SMA(close, 5) = 10, range = 12 − 8 = 4, and with multiplier = 0.5 the bands sit at 10 ± 0.5·4 = {12, 8}. This matches the reference_values test in hurst_channel.rs.

Python

python
import numpy as np
import wickra as ta

hc = ta.HurstChannel(5, 0.5)
high  = np.full(5, 12.0)
low   = np.full(5, 8.0)
close = np.full(5, 10.0)
print(hc.batch(high, low, close))

Output:

[[nan nan nan]
 [nan nan nan]
 [nan nan nan]
 [nan nan nan]
 [12. 10.  8.]]

Node

javascript
const ta = require('wickra');
const hc = new ta.HurstChannel(5, 0.5);
for (let i = 0; i < 4; i++) hc.update(12, 8, 10);
console.log(hc.update(12, 8, 10)); // { upper: 12, middle: 10, lower: 8 }

Interpretation

The Hurst Channel sizes its envelope by the realised high-low range of the window rather than by a statistical dispersion measure. Two canonical uses:

  1. Cycle channels. Run two instances on the same period — an inner channel at multiplier ≈ 0.5 and an outer at ≈ 1.0. Price oscillating inside the inner channel marks the short-cycle swing; tags of the outer channel mark medium-cycle extremes. This is the Hurst/Bressert cycle-trading reading.
  2. Mean reversion. A close beyond the inner channel that fails to reach the outer channel is a fade candidate back toward the SMA midline.

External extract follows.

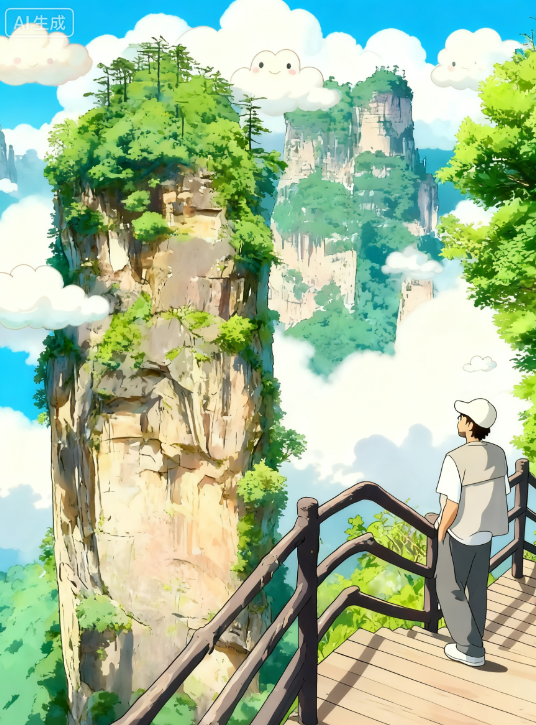 然后,在对话框中输入提示词“将这张照片转换成吉卜力动画风格,色彩明亮,天空有云朵。”,生成的图片如下:

Prefer the Hurst Channel over BollingerBands when you want the band width to track the visible trading range instead of a sigma estimate that a single outlier bar can inflate.

Common pitfalls

  • Confusing the channel with the HurstExponent. Despite the shared name they are unrelated — this is Brian Millard's range channel, not the fractal H statistic.
  • Treating multiplier as a sigma count. It scales the raw price range, not a standard deviation, so a multiplier of 2.0 here is a far wider band than Bollinger.

References

  • Brian Millard, Channel Analysis, John Wiley & Sons, 1990.
  • Walter Bressert, The Power of Oscillator/Cycle Combinations (1991), for the inner/outer channel interpretation.